Fitting models to (experimental) data is one key aspect of the analysis of spectroscopic data. For good reason, optimisation is an entire sub-discipline of applied mathematics, and frequently, spectroscopists are not aware of the intricate details of the diverse available fitting strategies. Furthermore, while implementing actual fitting and optimisation algorithms is usually beyond the scope of the average spectroscopist, using the available packages quickly becomes complicated.
Partly, this complication is due to the inherent complexity of properly fitting models to data. But to a large extend, the complication is unnecessary and originates from different interfaces and the lack of a unifying abstraction. Furthermore, as always in programming: making something to work once (and with one set of data) is rather easy. But doing it in a reproducible way that another person can understand even after a few years is something completely different—and rarely achieved.

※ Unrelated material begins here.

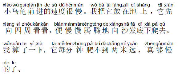 小乌龟前进的速度很慢。我把它放在地上,它先向四周看看,便慢慢腾腾地向沙发底下爬去。我算了一下,它每分钟爬不到两米远,真够慢的了。

The idea behind the FitPy framework: making advanced fitting of spectroscopic data possible for the average scientist while retaining full reproducibility and reliability. To achieve this goal, two things are absolutely essential: relieving the users from the duty to document what they have done to their data, and provide a powerful user interface that is simple to use and requires no programming skills.
The problem with fitting
Fitting a model to (experimental) data is a routine task in the analysis of spectroscopic data, as well as in other fields of science. One major reason for its widespread adoption: parameters necessary for interpreting the results can often only be extracted from models fitted to the data, but not directly from the data themselves.
Stating the problem at hand on an abstract level is straight-forward: Take a model that reasonably describes the physical reality and tweak its parameters until the distance between the model and the data is minimal (ideally zero). Once done with minimising the distance between model and data, take the parameters of the model and try to make sense of them.
Putting aside the question of how to find an appropriate model for the data, the problem starts with defining the distance between model and data. Every optimisation algorithm needs some measure for this distance, and probably the most widespread criterion is the sum of the squares of the difference between model and data for each individual data point.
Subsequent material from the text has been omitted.